L.A.’s Jewelry District is the second largest in the nation, behind (of course) New York City’s. A diamond in the rough, it’s mounted between the four prongs of Broadway, Olive and 5th and 8th streets. For the first-time shopper, acclimating to the area--the gum-pocked sidewalks, the blaring CD stores, the stewpot of street chatter--is as key to the experience as finding the right jeweler among nearly 2,000 vendors.
It can be worth it. The trade-off for suburban shopping-mall serenity is the chance to find wholesale bargains 50% to 70% less than retail. Just be forewarned that the Jewelry District isn’t exactly L.A.’s best-kept secret. Peklar Pilavjian, owner of the 500-tenant St. Vincent Jewelry Center, says the district does as much as $3 billion annually in wholesale and retail sales.
Because it’s easy to be overwhelmed by the enormity of the operation, it helps to know exactly what you want, and to understand the different qualities of the various gemstones. One place to start your education is the American Gem Society at www.americangemsociety.org, which offers a free consumer protection kit and shopping tips. These will get you going, but there’s hard work (if you consider buying baubles work) ahead. Warns Diane Flora, the society’s director of education: “It takes a lot of years of experience to really have confidence.”
Start with comparison shopping. If you’re looking for an emerald, walk every raucous square inch of the district and stop at all the emerald-bearing booths you see.
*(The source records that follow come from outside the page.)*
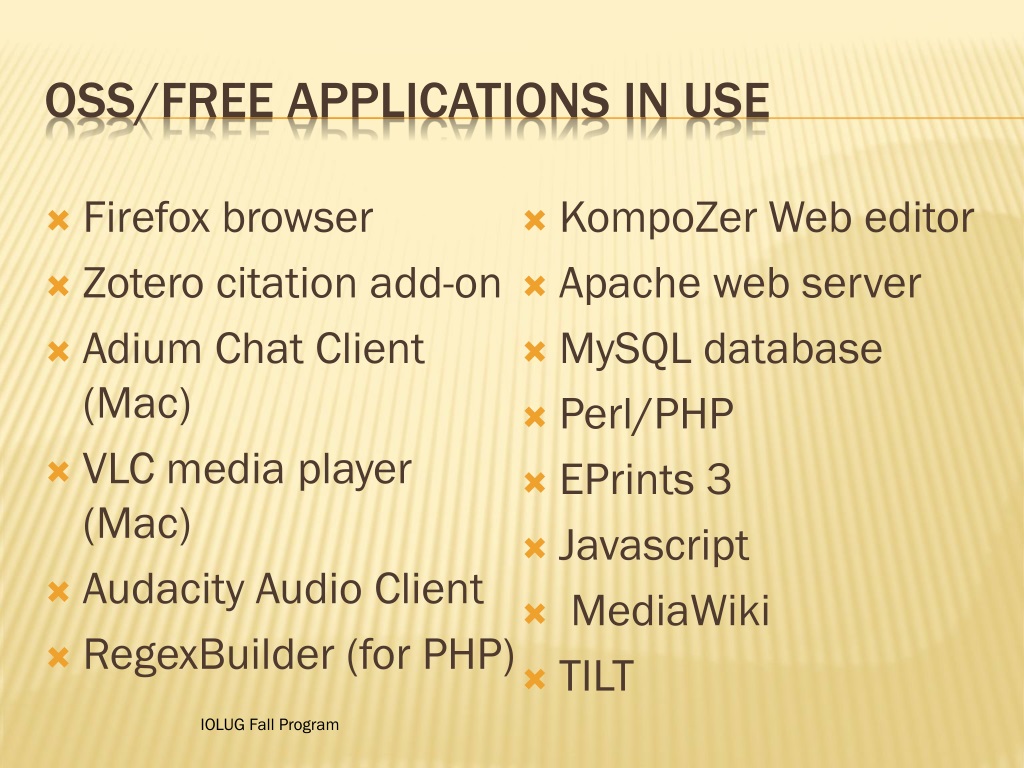 OSS/FREE APPLICATIONS IN uSE IOLUG Fall Program Firefox browser Zotero citation add-on Adium Chat Client (Mac) VLC media player (Mac) Audacity Audio Client RegexBuilder (for PHP) KompoZer Web editor Apache web server MySQL database Perl/PHP EPrints 3 Javascript MediaWiki TILT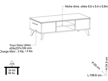 Couchtish KENT 50.1x106.6x35.2cm eiche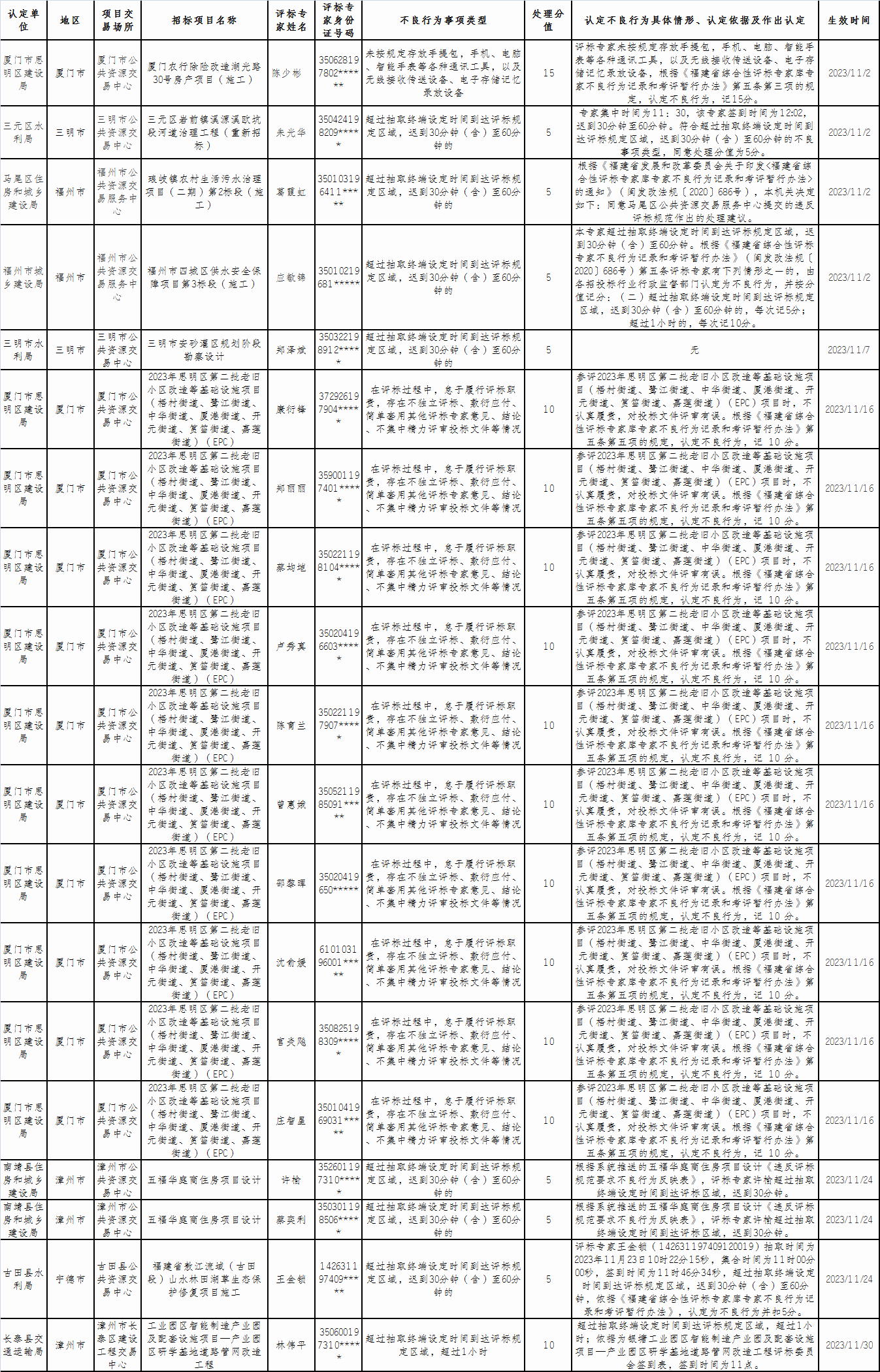 福建省評標(biāo)專家不良行為公示(2023年11月)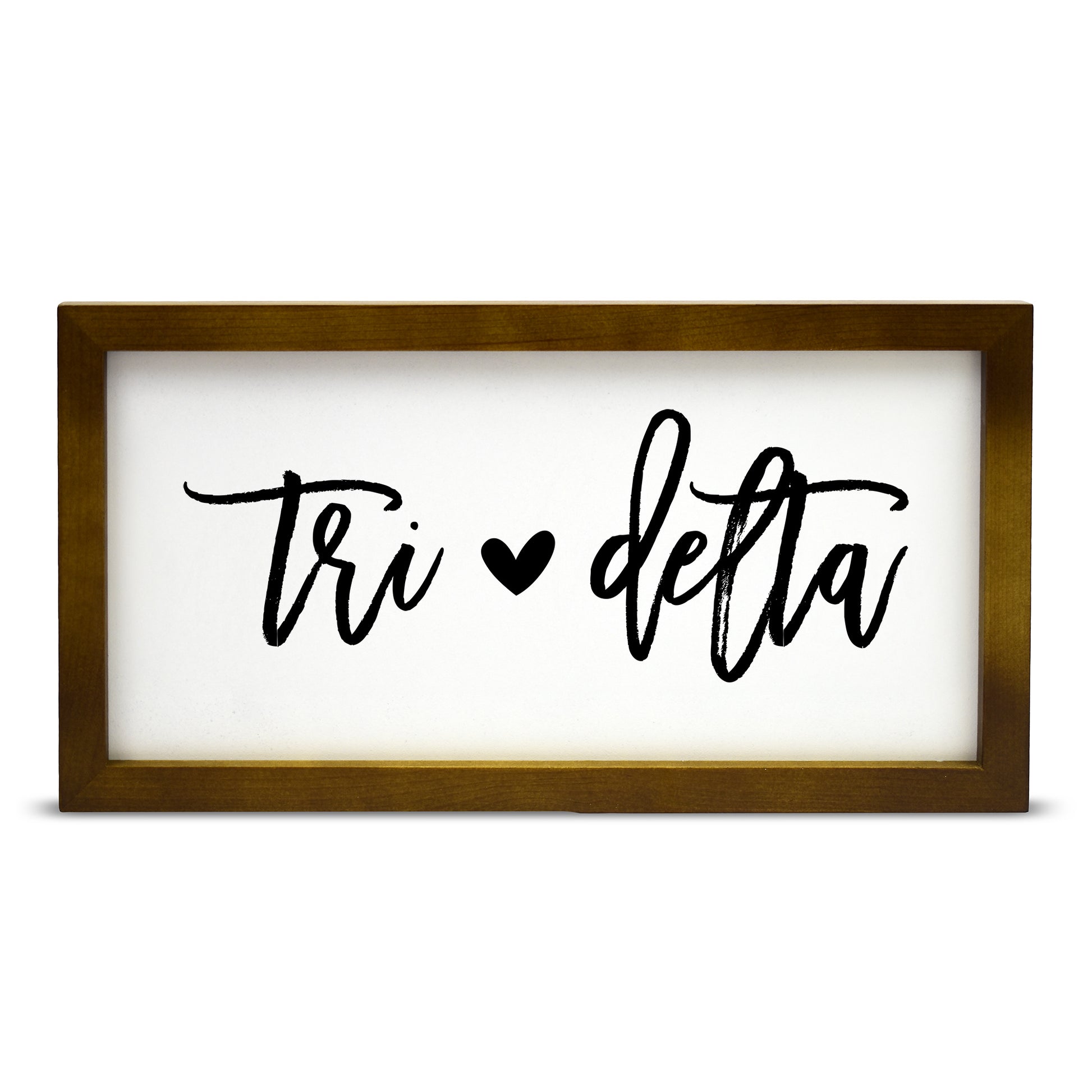 Add Sorority Spirit to your décor with our Sorority Script Large Wall Art! Each wooden sign features a brushstroke script with heart detailing on canvas and bordered with a wooden frame. A great item for yourself or to give as a gift, our wooden sign makes the perfect statement piece for your dorm or sorority house!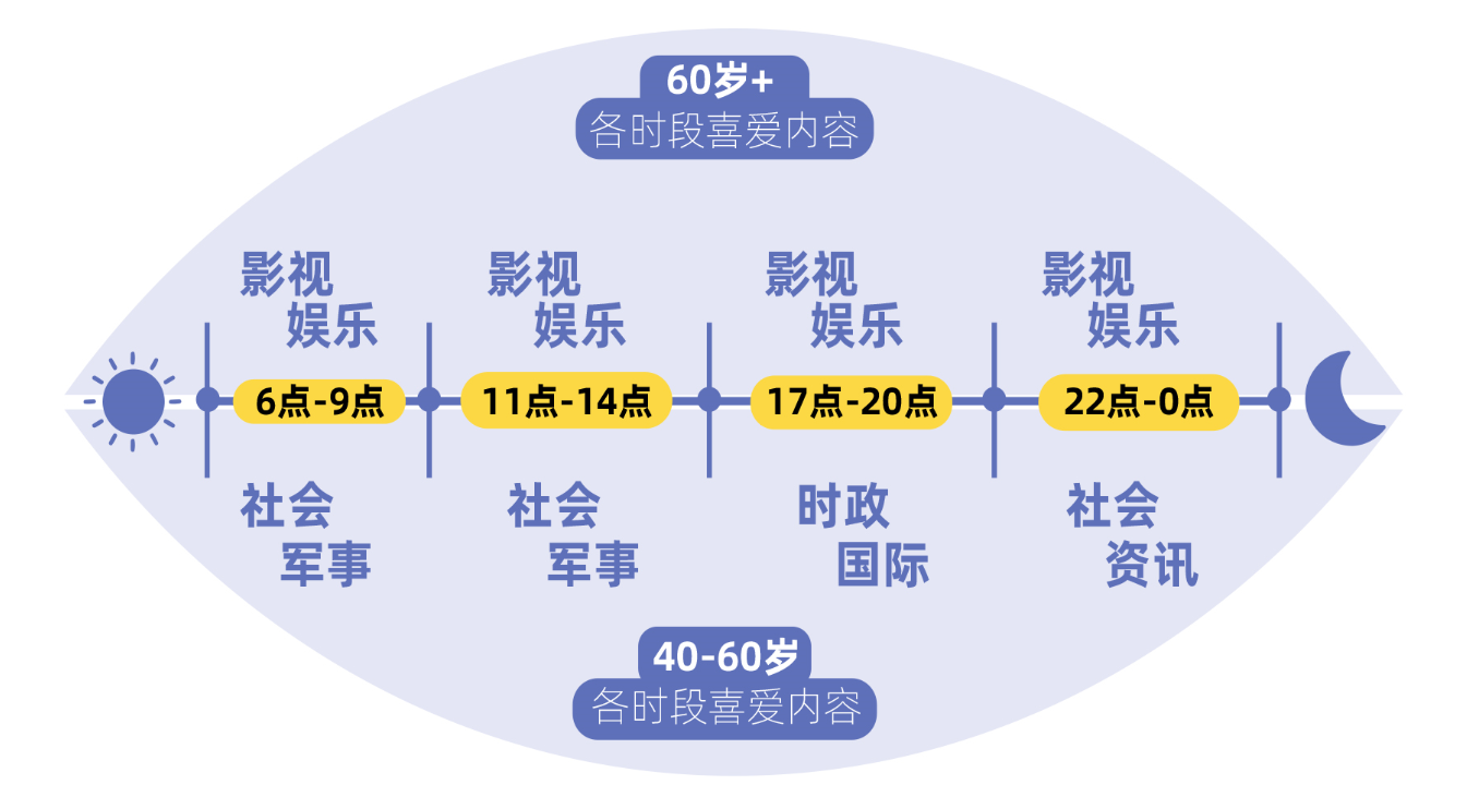 在一天中的早、中、傍晚、夜晚四个网络高峰时段,40岁以上中年人最关注的的内容分别是热点资讯、社会、时政、军事;而已退休的60岁及以上老人在早、中、傍晚关注的都是娱乐和影视,在此基础上,晚上10时到凌晨1时,老人们会看一些社会资讯。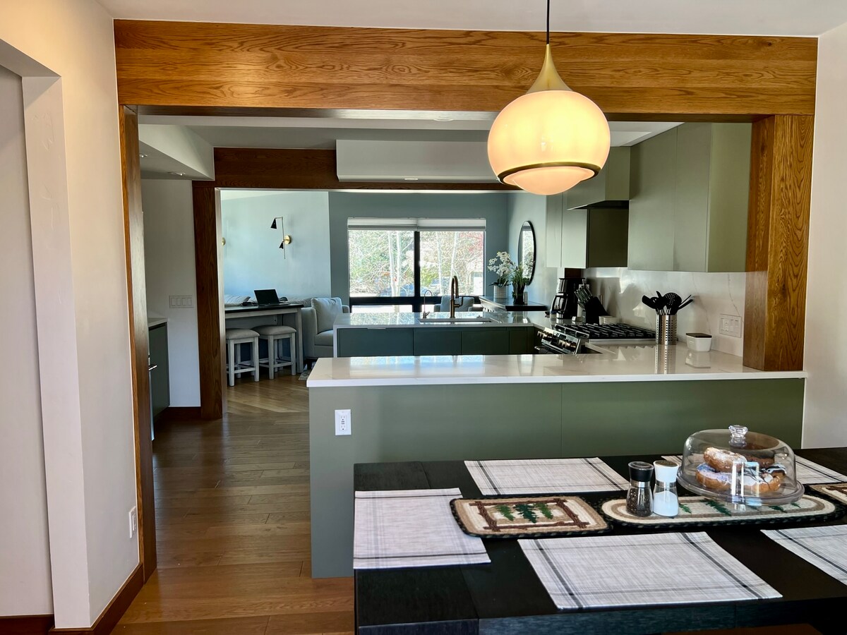 Enjoy the gorgeous views downriver of Gore Creek from the bright main room. This newly renovated modern mountain home has been redone with great care. Cozy up in front of the fireplace, enjoy a game on the 80inch TV or make a home-cooked meal in the fully stocked kitchen! Enjoy a good nights sleep in the new mattress and comfy sheets. Best part, the ptarmigan busstop is a snowballs throw away. 3minutes ride to cascade! New mud room for your skis and boots just added. Vail ID:029206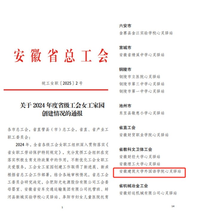 本网讯 春日传佳讯,耕耘结硕果。近日,安徽省总工会2024年度评优结果揭晓,安徽建筑大学外国语学院心灵驿站荣获省级工会女工家园称号。这支女性教职工占比76%的团队,用温暖服务与创新实践,书写了新时代高校女工工作的生动篇章。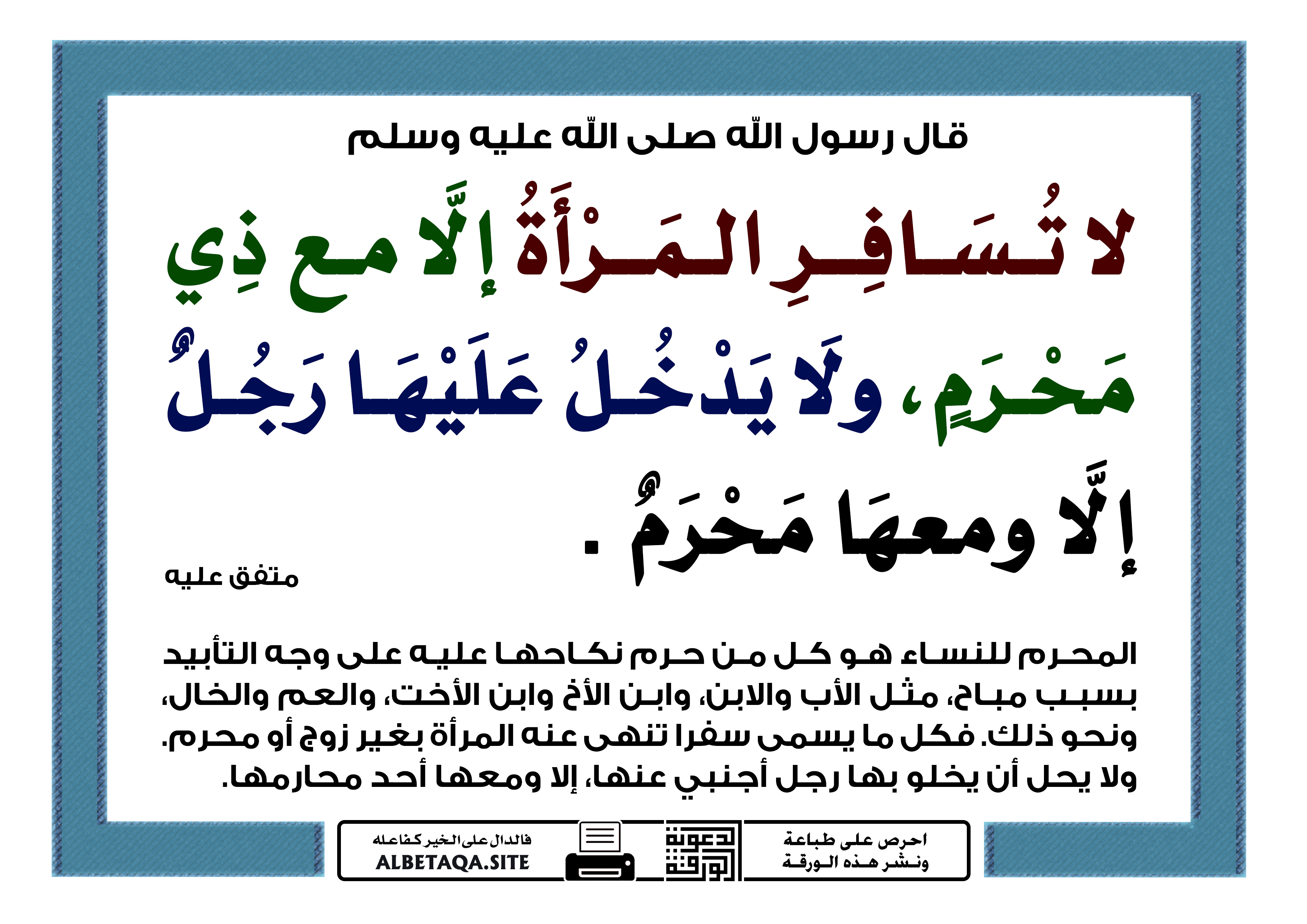 لا تسافر المرأة إلا مع ذي محرم، ولا يدخل عليها رجل إلا ومعها محرم .

Act as if you know what you’re doing, even if you don’t have a clue. Negotiate. Yes, you’re allowed to haggle.
Star Gem Jewelry Inc. in the St. Vincent Jewelry Center sells a variety of emerald pendants as deep and green as the sea, each evaluated according to the same four C’s as diamonds: cut, color, clarity and carat. A square 1-carat beauty framed by 20 graded half-carat diamonds costs about $1,000. A similar setup, minus a few diamonds, costs half as much at a booth down the block because the stone (a slightly sallow dry-lawn green with a tiny black speck at its center) is of lesser quality.
Beauty is in the eye of the beholder, of course, but a little reassurance never hurts. Pilavjian recommends asking for a certificate or receipt that guarantees quality, which most vendors will happily supply. As one jeweler in the L.A. Jewelry Mart at 7th and Olive assured this shopper: “I’ll give you my blood type, my driver’s license and my children’s birth certificates.”
Remember, though, that a certificate is only as good as the signature at the bottom of it. Kevin Stevenson, owner of Bellflower’s Johnson Jewelers, says the jewelry industry is built on trust, so it’s important to know the reputations of the people from whom you’re buying. “That’s gonna hold true for a booth or an independent retail store in Mission Viejo.”